──────── Given data ────────

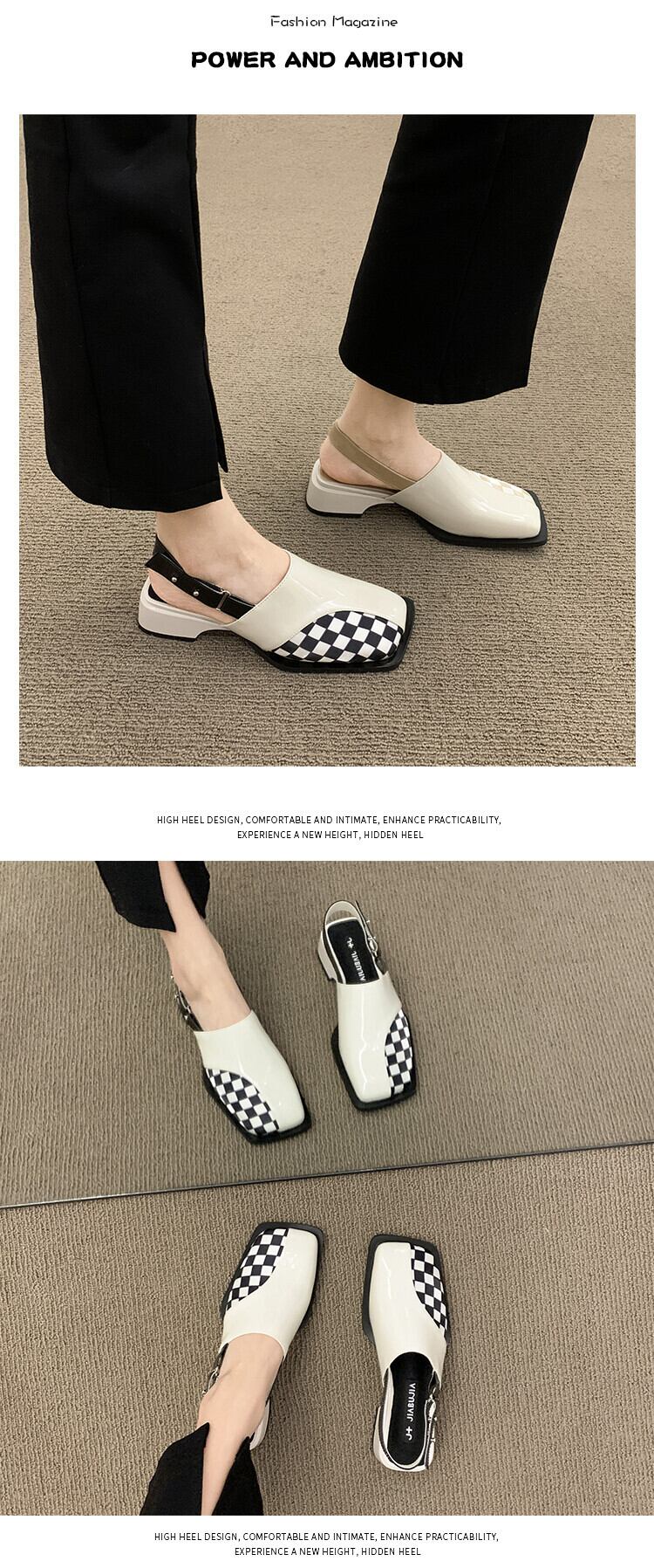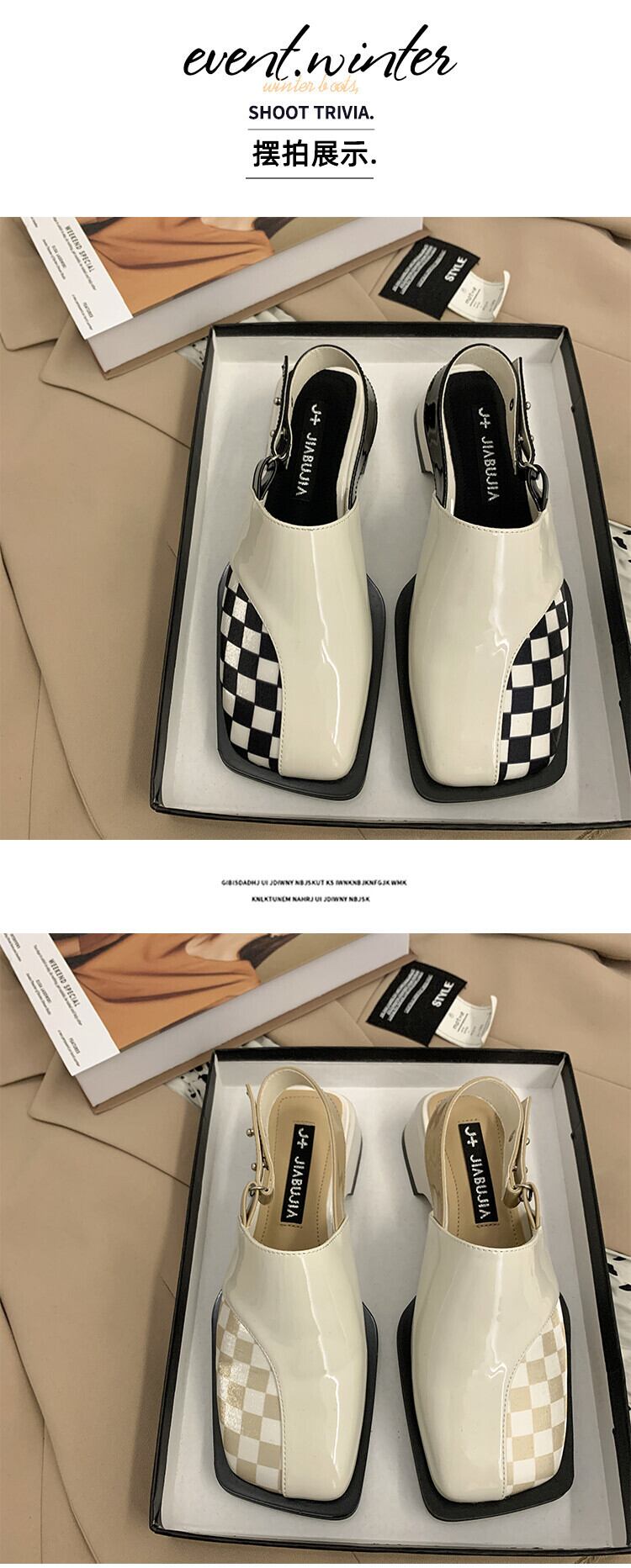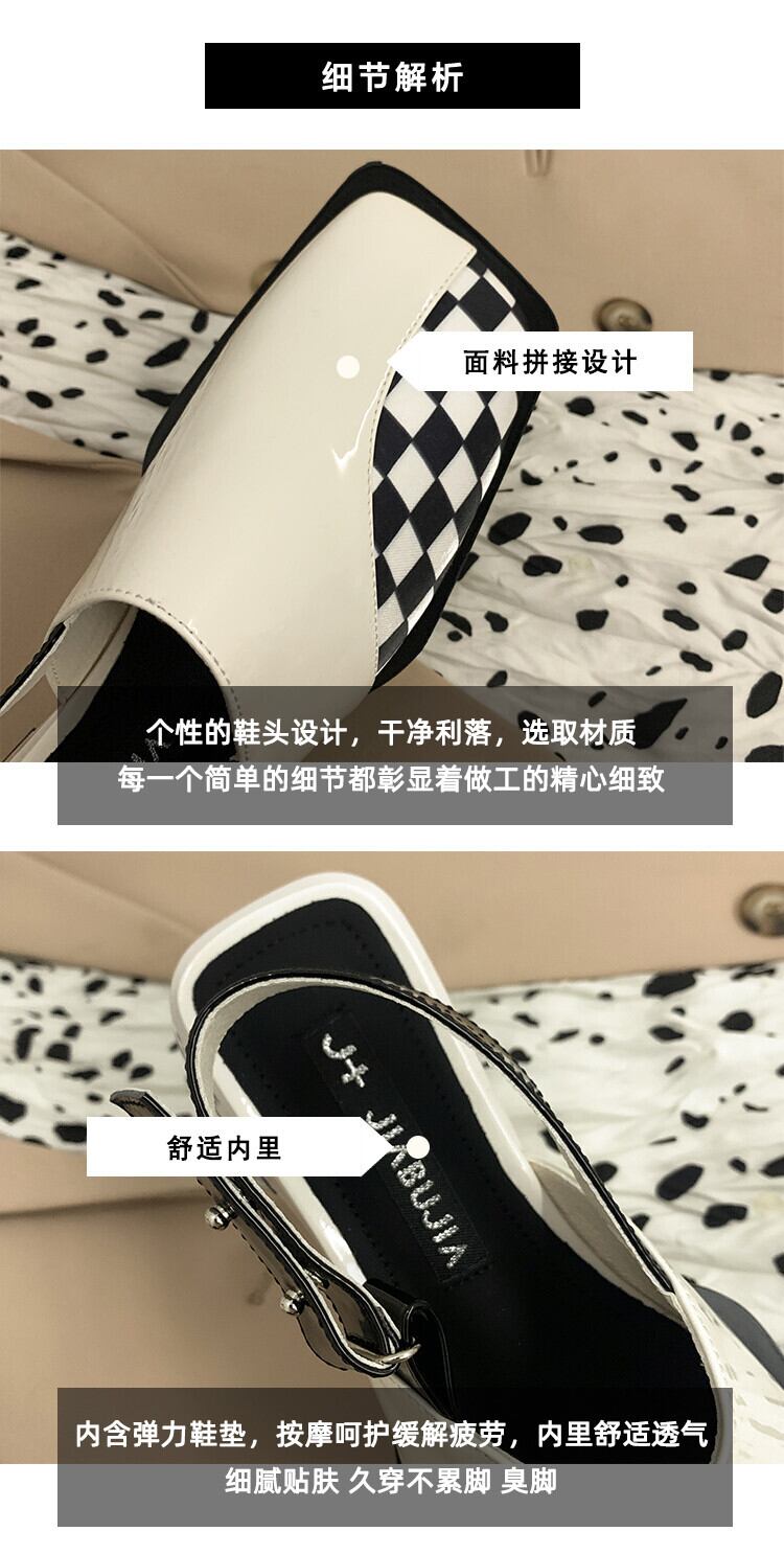 レトロ包頭サンダル女性の2022年夏の新しいチェッカーボードスクエアトゥローヒール滑り止めファッションオールマッチローマの靴 シューズ サマー 夏物 スクウェア jxjxf59065397756
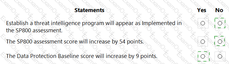 For the Data Protection Baseline assessment, change the Test status of Establish a threat intelligence program to Implemented.
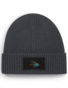Czapka zimowa beanie wędkarska dla wędkarza na ryby na prezent "teal blue and silver" Grafitowa
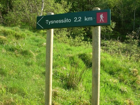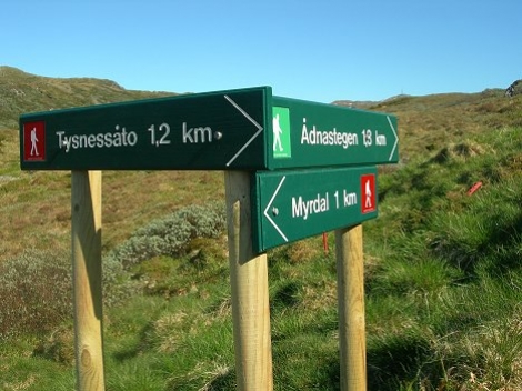 Frå parkeringsplassen i Myrdal til Tysnessåta er det kome fleire skilt, bl.a. på toppen av Buskaret. Herifrå er det no merka løype til Ådnastegen.

────────

Your task>
Write out the whole listing exactly. Pictures stay out.

Final answer>
 レトロ包頭サンダル女性の2022年夏の新しいチェッカーボードスクエアトゥローヒール滑り止めファッションオールマッチローマの靴 シューズ サマー 夏物 スクウェア jxjxf59065397756
 For the Data Protection Baseline assessment, change the Test status of Establish a threat intelligence program to Implemented.
Czapka zimowa beanie wędkarska dla wędkarza na ryby na prezent "teal blue and silver" Grafitowa
 Frå parkeringsplassen i Myrdal til Tysnessåta er det kome fleire skilt, bl.a. på toppen av Buskaret. Herifrå er det no merka løype til Ådnastegen.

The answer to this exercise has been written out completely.